Windows 10 e crash con la stampa, Microsoft rilascia un fix temporaneo

Windows 10 e crash con la stampa, Microsoft rilascia un fix temporaneo

Microsoft è tornata a parlare del problema con i crash di sistema in seguito ai tentativi di stampa su Windows 10, dopo aver applicato le patch di marzo. Ecco una procedura ufficiale per risolvere temporaneamente il problema

di pubblicata il , alle 11:21 nel canale Sistemi Operativi
MicrosoftWindows
 

Microsoft ha confermato il problema con la stampa su Windows 10, riscontrato da diversi utenti nel mondo dopo aver installato le patch di sicurezza del mese di marzo. Ne avevamo parlato la scorsa settimana riportando che per aggirarlo era possibile disinstallare gli update e rimanere scoperti, quindi, rispetto alle ultime vulnerabilità corrette. Microsoft ha adesso rilasciato una nuova procedura temporanea per evitare i crash, da applicare fino al rilascio di un fix definitivo.

Windows 10, crash durante la stampa di file e documenti

Dopo aver installato gli aggiornamenti dell'ultimo Patch Tuesday, e in seguito a diverse lamentele da parte degli utenti, la stessa Microsoft ha spiegato che potrebbe presentarsi un errore di tipo "APC_INDEX_MISMATCH con una schermata blu durante i tentativi di stampa con alcune stampanti su alcune app". L'azienda ha anche rassicurato gli utenti spiegando che sta lavorando a un fix definitivo e che il problema si presenta su Windows 10 2004 e 20H2 dopo aver installato il pacchetto KB5000802, e anche con i pacchetti KB5000808 su Windows 10 1909, KB5999822 su Windows 10 1809 e KB5000809 su Windows 10 1803.

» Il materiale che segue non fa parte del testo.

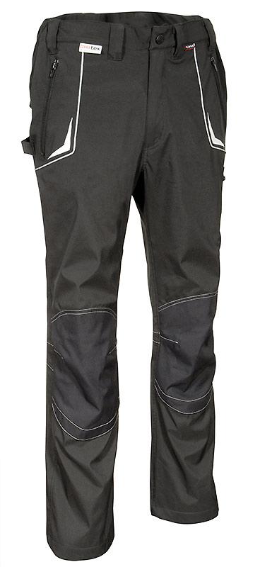 - 1 boční kapsa se zapínáním na zip, 2 zadní kapsy s klopou, 2 široké přední kapsy se zipem, kladívková smyčka, ergonomický design kolen a nohou, nylonové nastavitelné kapsy na kolenech, reflexní vložky, zesílený rozkrok, softshellové kalhoty s vlasovou vnitřní část.

Microsoft ha inoltre descritto che il problema "si manifesta con una serie di driver Type 3 per le stampanti, e non si presenta in alcun modo se sono installati sul sistema driver Type 4". Per verificare quale tipo di driver è installato sul proprio sistema si può seguire questa procedura ufficiale. Secondo quanto si legge online fra le segnalazioni degli utenti le stampanti con cui si sono presentate le schermate blu sono prodotte da Kyocera, Ricoh e Dymo.

Crash con la stampa su Windows 10, il fix ufficiale (temporaneo)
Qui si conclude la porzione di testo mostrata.